To configure Data Factory to send lineage information, see Get started with lineage.
Some other ways of finding information in the lineage view, include the following:
- In the Lineage tab, hover on shapes to preview additional information about the asset in the tooltip.
- Select the node or edge to see the asset type it belongs or to switch assets.
- Columns of a dataset are displayed in the left side of the Lineage tab. For more information about column-level lineage, see Dataset column lineage.
Data lineage for 1:1 operations
The most common pattern for capturing data lineage, is moving data from a single input dataset to a single output dataset, with a process in between.
An example of this pattern would be the following:
- 1 source/input: Customer (SQL Table)
- 1 sink/output: Customer1.csv (Azure Blob)
- 1 process: CopyCustomerInfo1#Customer1.csv (Data Factory Copy activity)
Data movement with 1:1 lineage and wildcard support
Another common scenario for capturing lineage is using a wildcard to copy files from a single input dataset to a single output dataset. The wildcard allows the copy activity to match multiple files for copying using a common portion of the file name. Microsoft Purview captures file-level lineage for each individual file copied by the corresponding copy activity.
An example of this pattern would be the following:
- Source/input: CustomerCall*.csv (ADLS Gen2 path)
- Sink/output: CustomerCall*.csv (Azure blob file)
- 1 process: CopyGen2ToBlob#CustomerCall.csv (Data Factory Copy activity)

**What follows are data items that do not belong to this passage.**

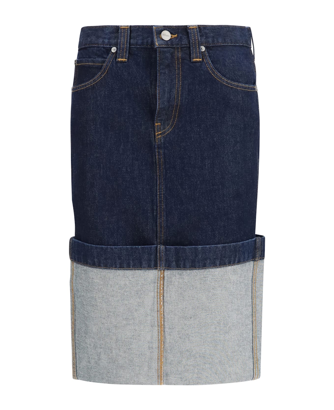 The kilian denim skirt by khaite is a sturdy and sophisticated piece, made from classic indigo denim. with a low waistline, it offers an elongating effect that enhances the silhouette. the five-pocket design is enhanced by a back slit that adds lightness and movement. a basted cuff at the back reveals detailed stitching, while the distinctive button completes the look, adding a unique and refined touch.
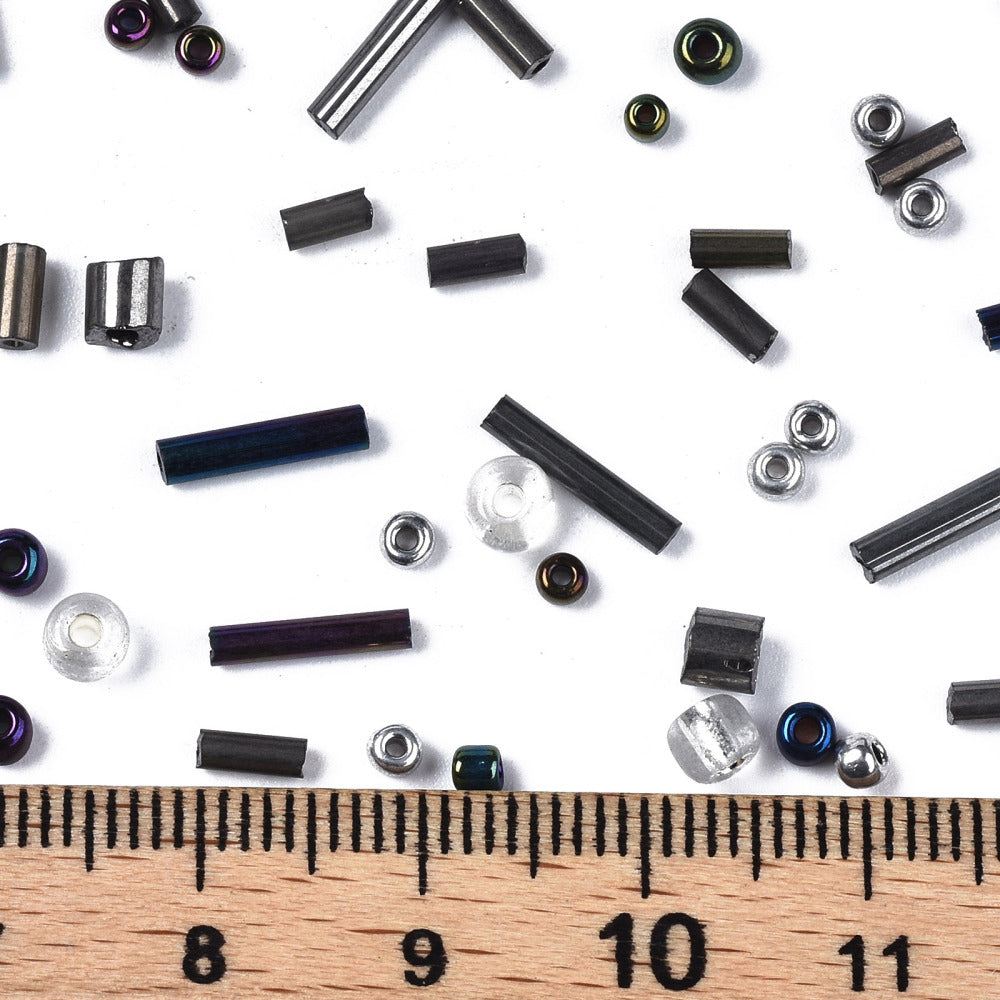 50g - 1kg Seed & bugle mixes - MIDNIGHT mix, 1mm~7mm glass beads - black, silver, iris
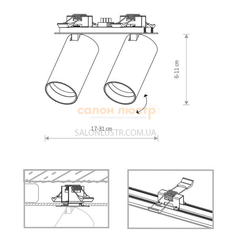 Висота: 6-11 см; ширина: 17-31 см; лампи: 2 x GU10 х 10Вт LED.
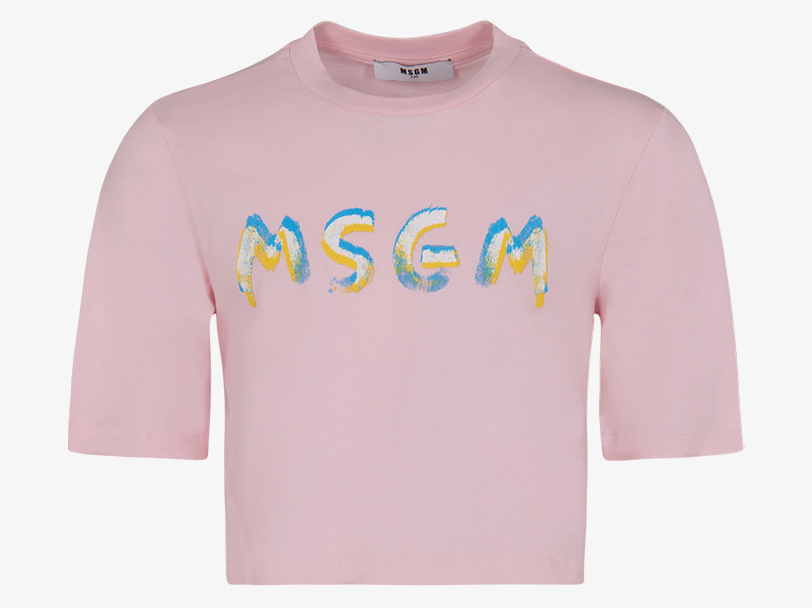 T-shirt crop con stampa , di colore rosa e scritta multicolor

Data movement with n:1 lineage
You can use Data Flow activities to perform data operations like merge, join, and so on. More than one source dataset can be used to produce a target dataset. In this example, Microsoft Purview captures file-level lineage for individual input files to a SQL table that is part of a Data Flow activity.

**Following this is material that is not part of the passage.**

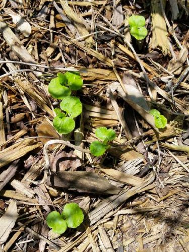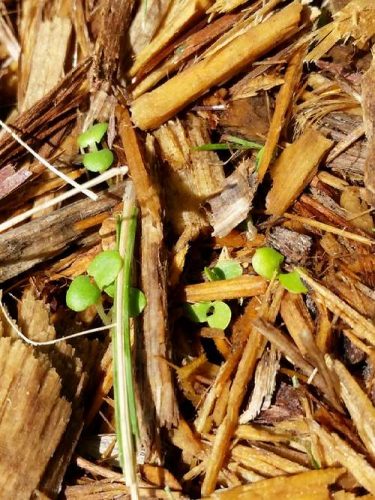 Tiny mountain mint seedlings in Thug Lyfe. The self-heal sprouted, too, but I forgot to photograph it.
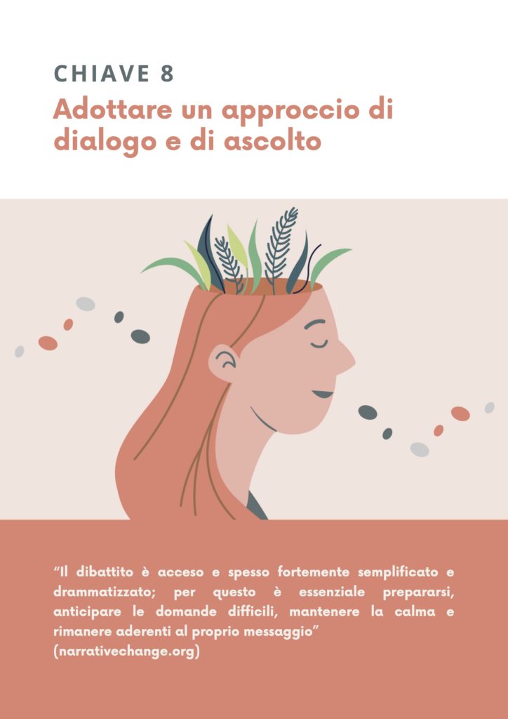 Se vogliamo coinvolgere tanti gruppi di persone, che non necessariamente sono già d’accordo con la nostra posizione, allora è imprescindibile avvicinarci in modo rispettoso a chi non la pensa come noi. Non si tratta di adottare buone maniere o di mostrare gentilezza in modo fine a sé stesso, ma occorre mostrarsi attenti ai punti di vista degli altri e saper rispondere usando toni che permettono di avviare un dialogo. Occorre imparare l’ascolto attivo, creando le condizioni adatte. Si impara provando e riprovando.

An example of this pattern would be the following:
- 2 sources/inputs: Customer.csv, Sales.parquet (ADLS Gen2 Path)
- 1 sink/output: Company data (Azure SQL table)

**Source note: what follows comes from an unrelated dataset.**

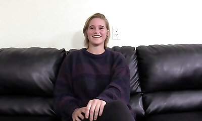 zierlicher und prächtiger unerfahrener teenager-honig nackt auf der couch

- 1 process: DataFlowBlobsToSQL (Data Factory Data Flow activity)
Lineage for resource sets
A resource set is a logical object in the catalog that represents many partition files in the underlying storage. For more information, see Understanding Resource sets. When Microsoft Purview captures lineage from the Azure Data Factory, it applies the rules to normalize the individual partition files and create a single logical object.
In the following example, an Azure Data Lake Gen2 resource set is produced from an Azure Blob:
- 1 source/input: Employee_management.csv (Azure Blob)
- 1 sink/output: Employee_management.csv (Azure Data Lake Gen 2)
- 1 process: CopyBlobToAdlsGen2_RS (Data Factory Copy activity)